QTM 402What Does MTOI & Other Hebrew Root Movements Really Believe?
What Does the Hebrew Roots Movement Believe?
To the reader:
What does the Hebrew Roots movement believe? If you are reading this and you are a member of MTOI (Messianic Torah Observant Israel) or the broader Hebrew Roots Movement, I want to start by validating something important about you.
You are not a casual believer. You are likely someone who saw a modern church that looked watered-down, compromised, and disconnected from its biblical roots. You wanted more. You wanted the "meat" of the Word. You wanted to walk like Jesus (Yeshua) walked. You wanted to obey the Father out of love, not just lip service.
That zeal is beautiful. It is commendable.
But in logic, it is possible to be sincere and yet be mistaken. The Apostle Paul spoke of his own Jewish brothers in Romans 10:2: "For I can testify about them that they are zealous for God, but their zeal is not based on knowledge."
In this paper, we are going to look at the claims of MTOI. We will look at the teaching of "Torah Observance," the claims about the history of the Church, and the way leadership is understood. We are not attacking your love for God; we are asking whether the map you have been given actually leads where you think it does.
1. THE CORE CLAIM: "IF YOU LOVE ME, KEEP MY COMMANDS"
The foundational logic of MTOI is built on a specific interpretation of John 14:15: "If you love me, keep my commands."
The logic flows like this:
- Yeshua (Jesus) was Jewish.
- He kept the Torah (The Law of Moses).
- He defines "Sin" as "Lawlessness" (Torah-breaking) (1 John 3:4).
- Therefore, if we want to be like Him, we must keep the Torah (Sabbath, Feasts, Dietary Laws).
1.1 What "commands" means
The mistake here is assuming that when Jesus said "My commands," He simply meant "The Law of Moses." If you look at what the Bible says, Jesus explicitly gave a new command that set a standard different from Moses.

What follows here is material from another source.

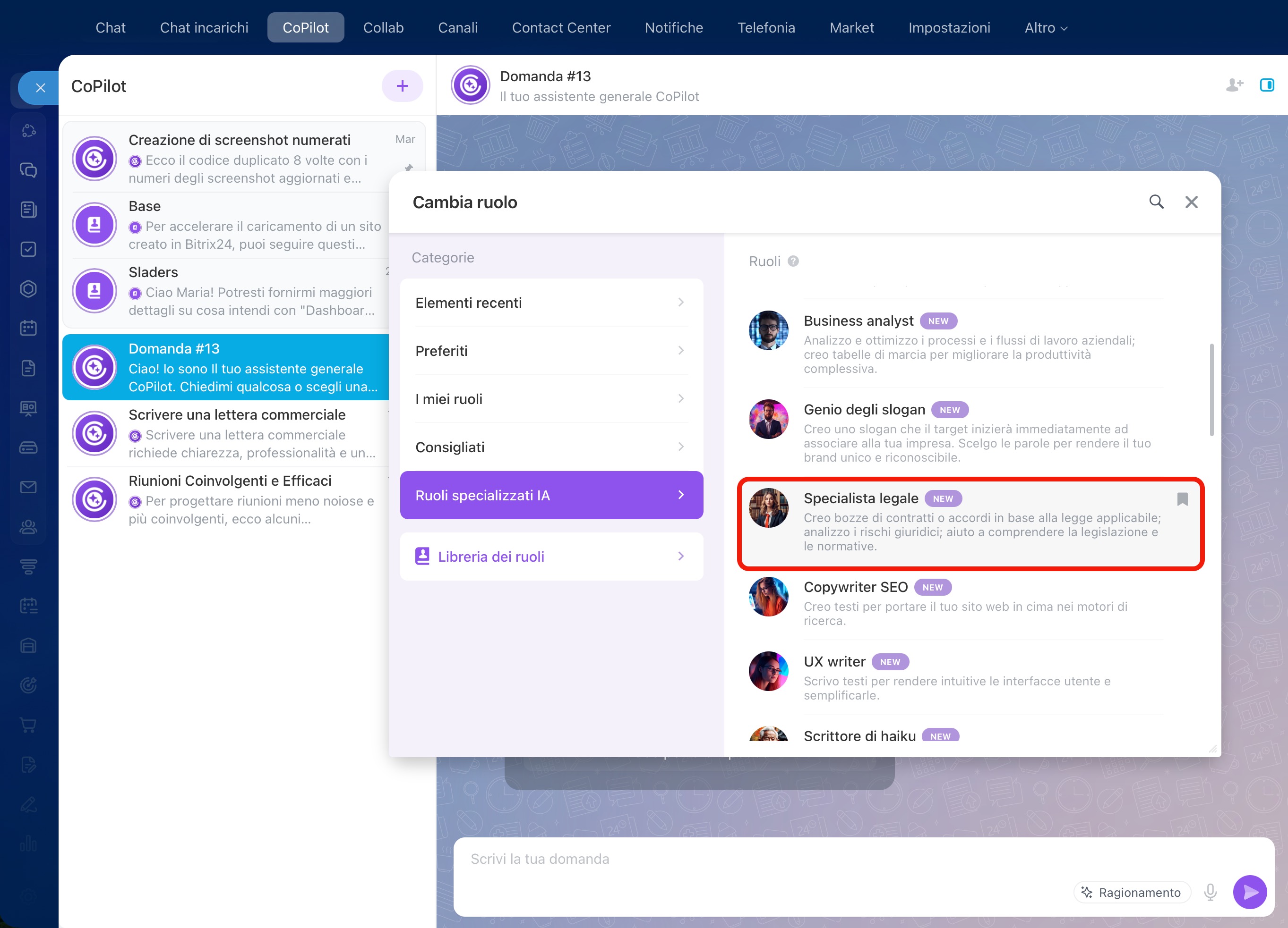 Durante la chat con CoPilot, seleziona il ruolo desiderato dalla barra laterale. Clicca sull'icona CoPilot per accedere all'elenco dei ruoli, organizzati per aree di attività. Ad esempio, attiva lo Specialista Legale per analizzare rischi normativi o comprendere le disposizioni applicabili alla tua attività.

In John 13:34, Jesus says: "A new command I give you: Love one another. As I have loved you, so you must love one another."
Furthermore, in the Sermon on the Mount (Matthew 5), Jesus repeatedly contrasts the written Torah with His new standard:
- The Torah (Exodus 21:24): "Eye for eye, tooth for tooth."
- Jesus (Matthew 5:39): "But I tell you, do not resist an evil person. If anyone slaps you on the right cheek, turn to them the other also."
If Jesus was simply teaching us to keep the Torah perfectly, He would have enforced "Eye for Eye." Instead, He raised the standard. He moved from "eye for eye" (Torah) to grace and mercy (Kingdom).
1.2 The "forever" argument (the priesthood question)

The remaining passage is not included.